- Born: 16 July 1971 Düsseldorf, Northrhine-Westphalia, Germany
- Died: 6 February 2014 (aged 42) Düsseldorf, Northrhine-Westphalia, Germany
- Occupations: writer, poet and comedian
- Years active: 1998-2013
- Website: Website by Peter Philipp (in German)

= Peter Philipp =

German writer, poet and comedian (1971–2014)

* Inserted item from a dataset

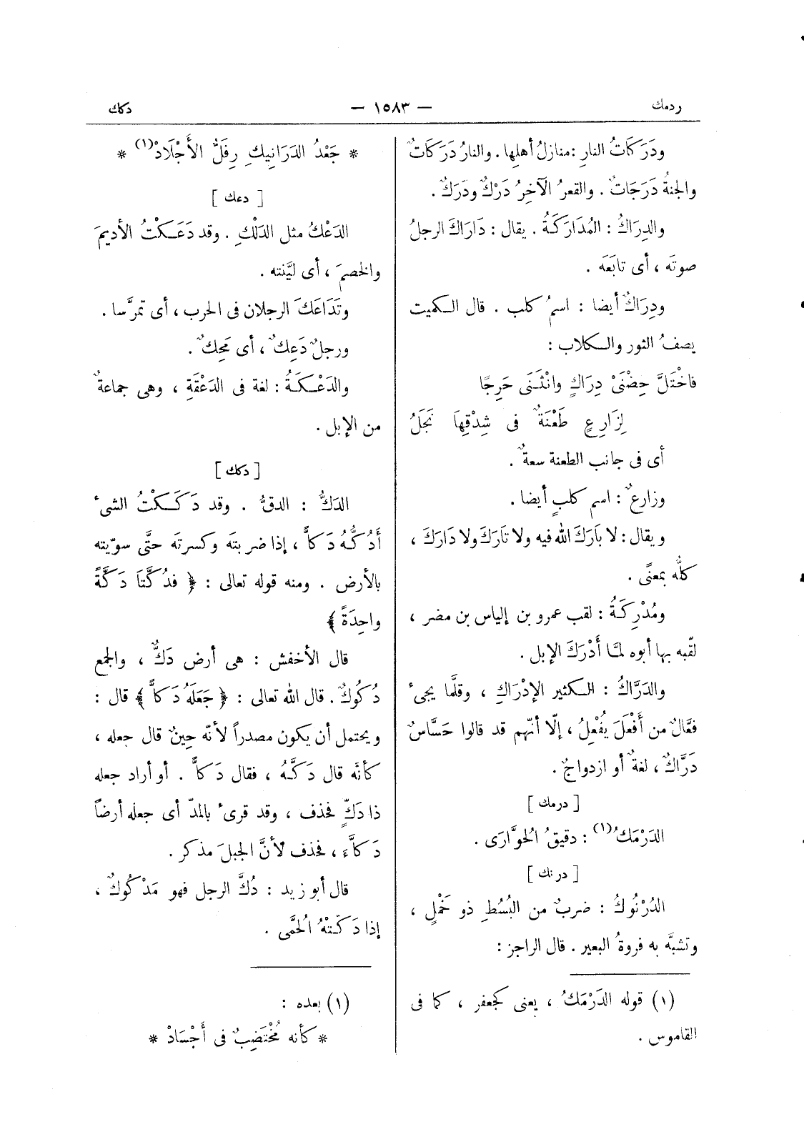 ودركات النارِ: منازلُ أهلِها، والنارُ دَرَكاتٌ والجنةُ دَرَجاتٌ. والقعرُ الآخِرُ دَرْكٌ ودَرَكٌ. والدِراكُ: المُدارَكَةُ. يقال: داراكَ الرجل صوته، أي تابعه. ودراك أيضا: اسم كلب. قال الكميت يصف الثور والكلاب: فاختل حضنى دراك واثننى حرجا لزارع طعنة في شدقها نجل أي في جانب الطعنة سعة. وزارع: اسم كلب أيضا. ويقال: لا بارَكَ الله فيه ولا تارَكَ ولا دارَكَ، كلُّه بمعنىً. ومدركة: لقب عمرو بن إلياس بن مضر، لقبه بها أبوه لما أدرك الابل. والدراك: الكثير الادراك. وقلما يجئ فعال من أفعل يفعل، إلا أنهم قد قالوا حساس دراك، لغة أو ازدواج.

Peter Philipp (16 July 1971 – 6 February 2014) was a German writer and comedian.

== Life and work ==
Peter Philipp was born in 1971 in Düsseldorf in Northrhine-Westphalia. There he studied from 1992 to 2000 German literature and philosophy at the Heinrich-Heine-Universität Düsseldorf. He published several books and founded the cabaret vocal ensemble Waschkraft, as its chief songwriter, bassist, singer and master of ceremonies, he served since 2000.

In 1998, the book Logisch-philosophische Untersuchungen was published by Walter de Gruyter. In 2000 Philipp published his first poetry book (Grupello publisher in Düsseldorf). In 2003, the book of poems Die Flötentöne was published. In 2004 he received the Förderpreis für Literatur der Landeshauptstadt Düsseldorf in Northrhine-Westphalia.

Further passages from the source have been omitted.